__MATERIAL PROVIDED__.

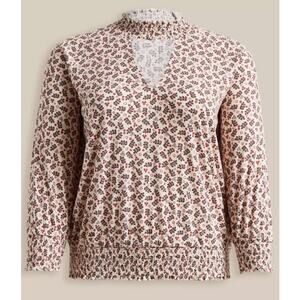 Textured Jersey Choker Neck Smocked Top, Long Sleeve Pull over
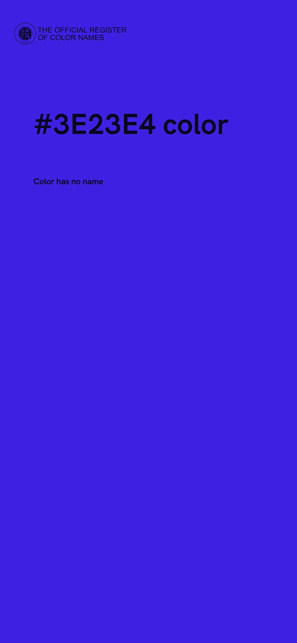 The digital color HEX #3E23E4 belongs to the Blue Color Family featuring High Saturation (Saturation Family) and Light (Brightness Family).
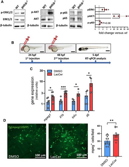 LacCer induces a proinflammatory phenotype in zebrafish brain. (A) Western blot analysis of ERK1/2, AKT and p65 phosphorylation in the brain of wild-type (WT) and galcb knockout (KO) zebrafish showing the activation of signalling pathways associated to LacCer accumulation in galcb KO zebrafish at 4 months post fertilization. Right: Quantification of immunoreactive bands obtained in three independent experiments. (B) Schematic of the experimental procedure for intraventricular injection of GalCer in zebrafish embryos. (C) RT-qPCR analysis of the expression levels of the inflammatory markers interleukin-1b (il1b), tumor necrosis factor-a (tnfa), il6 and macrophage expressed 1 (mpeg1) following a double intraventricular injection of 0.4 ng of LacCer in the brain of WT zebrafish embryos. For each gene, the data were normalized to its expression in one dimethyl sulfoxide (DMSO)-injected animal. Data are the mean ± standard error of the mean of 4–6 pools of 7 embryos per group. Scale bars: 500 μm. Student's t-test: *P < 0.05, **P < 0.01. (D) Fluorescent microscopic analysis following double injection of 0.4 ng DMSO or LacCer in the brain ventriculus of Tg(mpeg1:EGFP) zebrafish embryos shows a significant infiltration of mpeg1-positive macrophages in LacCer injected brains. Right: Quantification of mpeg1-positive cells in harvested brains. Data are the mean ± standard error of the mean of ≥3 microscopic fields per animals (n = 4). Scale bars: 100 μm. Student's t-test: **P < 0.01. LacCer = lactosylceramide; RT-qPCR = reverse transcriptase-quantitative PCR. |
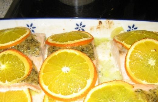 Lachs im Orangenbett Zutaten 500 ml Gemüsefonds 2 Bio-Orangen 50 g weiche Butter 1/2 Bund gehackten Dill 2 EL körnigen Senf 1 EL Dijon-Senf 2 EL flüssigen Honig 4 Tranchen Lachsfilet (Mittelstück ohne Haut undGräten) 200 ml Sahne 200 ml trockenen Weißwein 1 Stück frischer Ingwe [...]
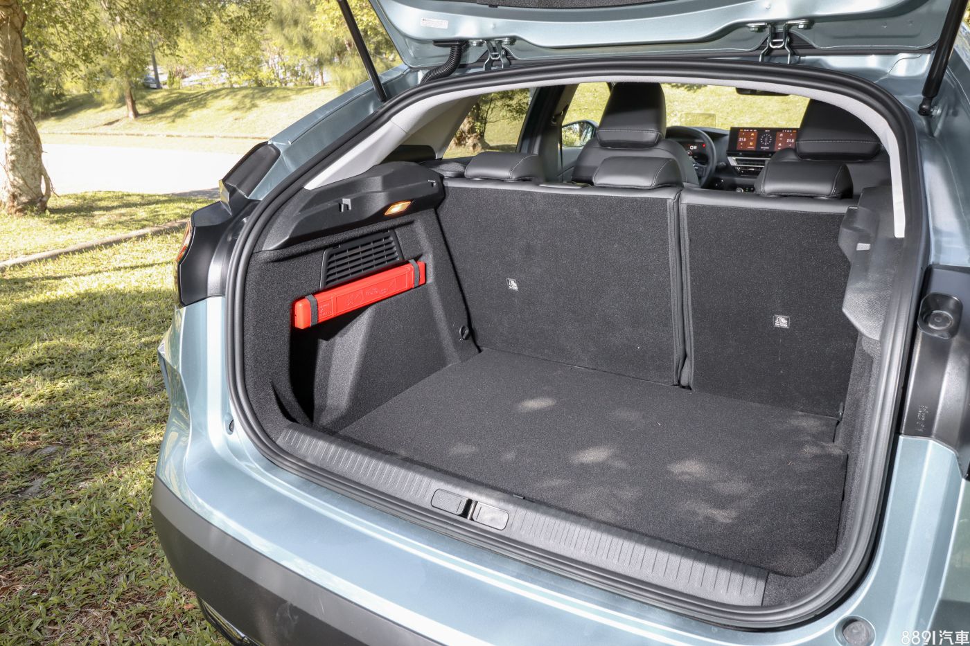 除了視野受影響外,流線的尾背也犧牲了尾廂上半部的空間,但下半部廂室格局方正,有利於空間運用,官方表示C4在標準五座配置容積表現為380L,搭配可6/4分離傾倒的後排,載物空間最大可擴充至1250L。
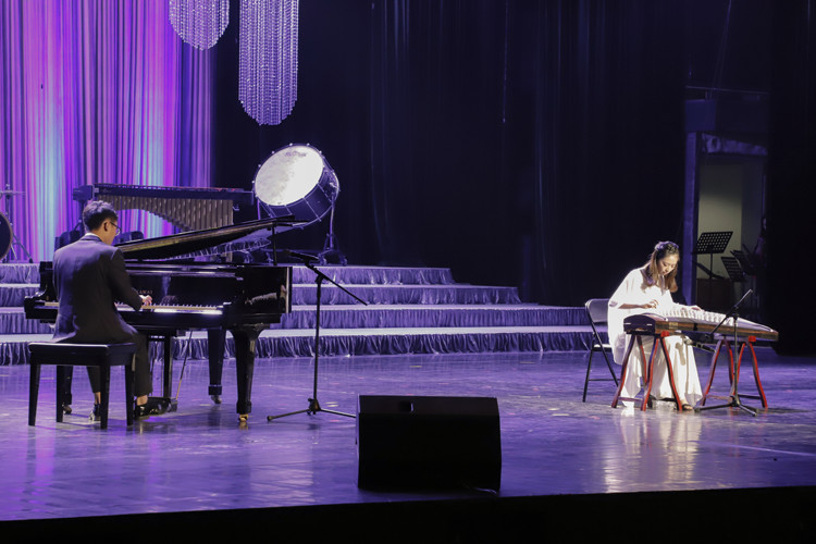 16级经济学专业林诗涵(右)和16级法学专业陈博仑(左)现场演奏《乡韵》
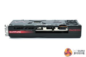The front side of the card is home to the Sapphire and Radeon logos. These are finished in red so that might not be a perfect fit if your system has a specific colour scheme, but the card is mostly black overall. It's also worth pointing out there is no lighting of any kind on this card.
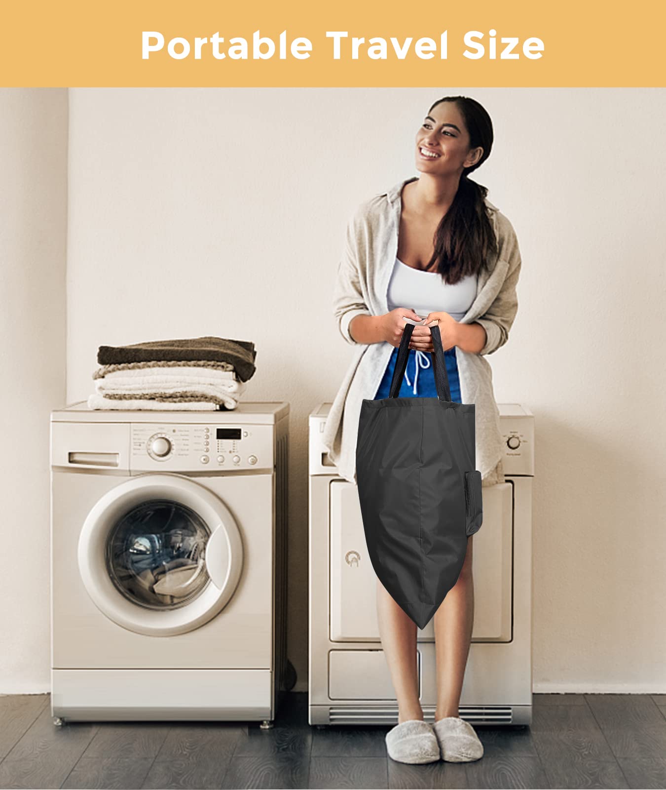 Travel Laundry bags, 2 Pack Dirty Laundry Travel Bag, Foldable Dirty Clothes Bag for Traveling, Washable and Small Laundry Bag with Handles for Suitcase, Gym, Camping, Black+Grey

--

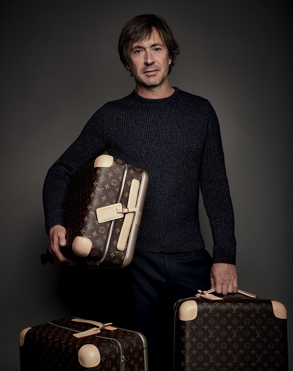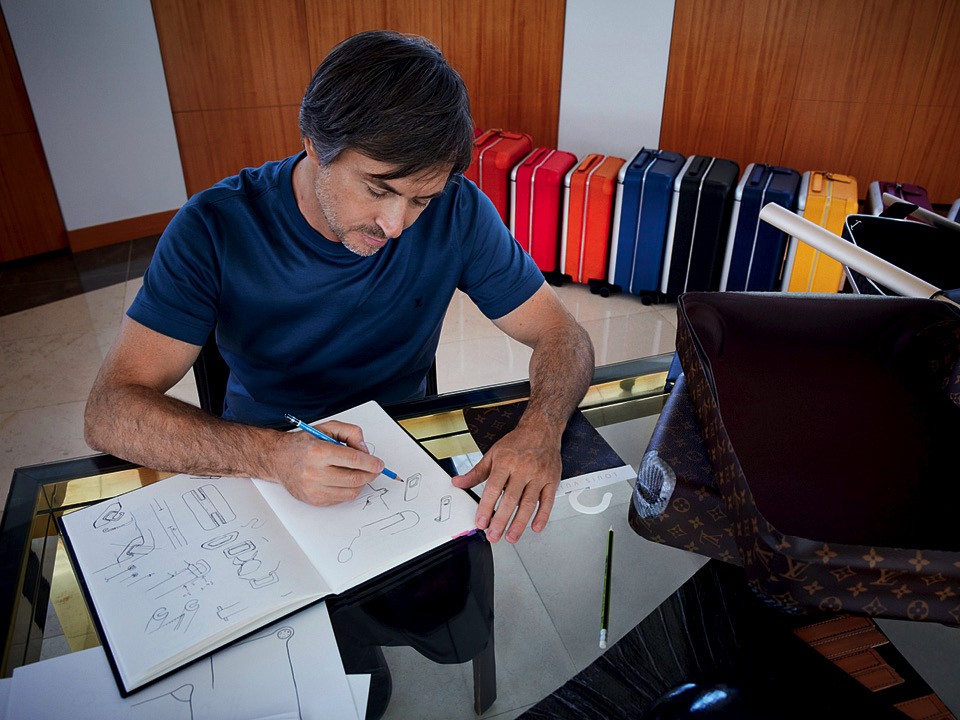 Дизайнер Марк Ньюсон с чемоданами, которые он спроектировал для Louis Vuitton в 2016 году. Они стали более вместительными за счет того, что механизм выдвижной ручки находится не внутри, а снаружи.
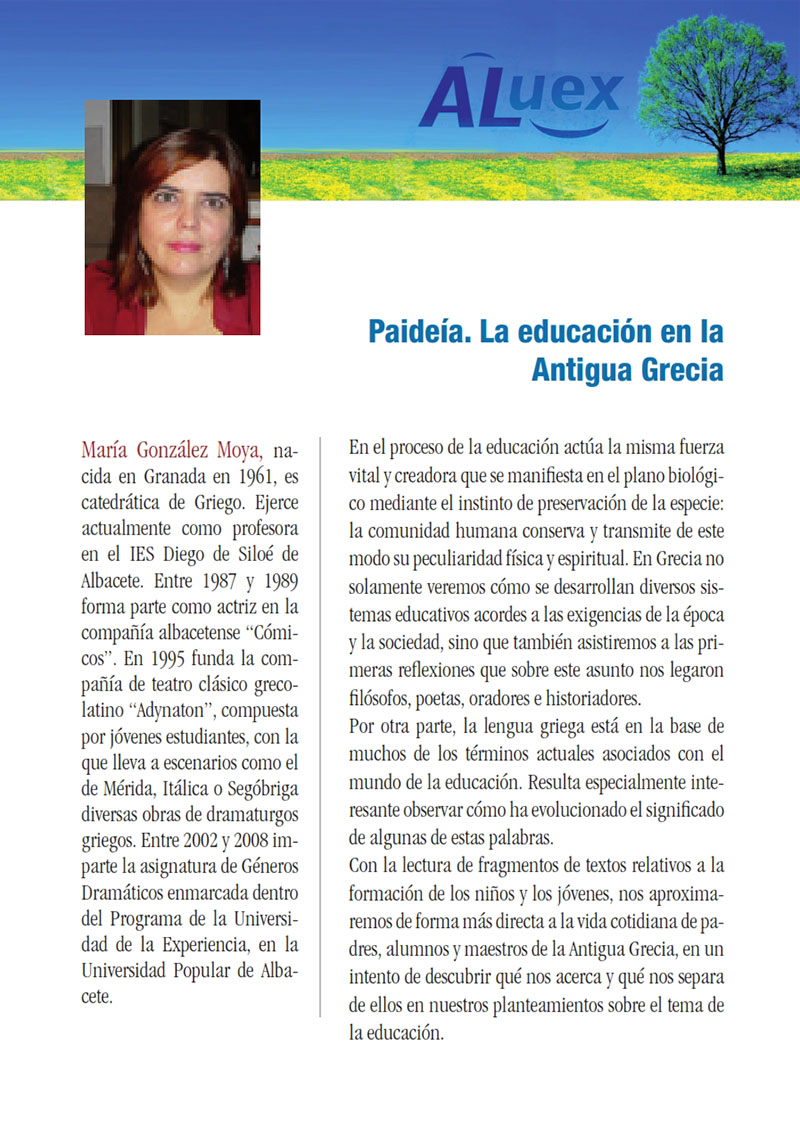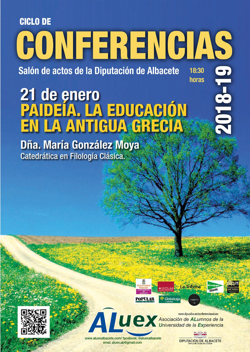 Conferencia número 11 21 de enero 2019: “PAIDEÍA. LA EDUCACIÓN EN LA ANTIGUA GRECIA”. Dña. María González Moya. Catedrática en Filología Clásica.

__WHAT YOU ARE ASKED TO DO__. What lines above run from the one with "Дизайнер Марк Ньюсон" to the one with "Conferencia número 11"? Give them again exactly, ends included, and leave the pictures out.

__SOLUTION FOR THIS EXERCISE__.
 Дизайнер Марк Ньюсон с чемоданами, которые он спроектировал для Louis Vuitton в 2016 году. Они стали более вместительными за счет того, что механизм выдвижной ручки находится не внутри, а снаружи.
 Conferencia número 11 21 de enero 2019: “PAIDEÍA. LA EDUCACIÓN EN LA ANTIGUA GRECIA”. Dña. María González Moya. Catedrática en Filología Clásica.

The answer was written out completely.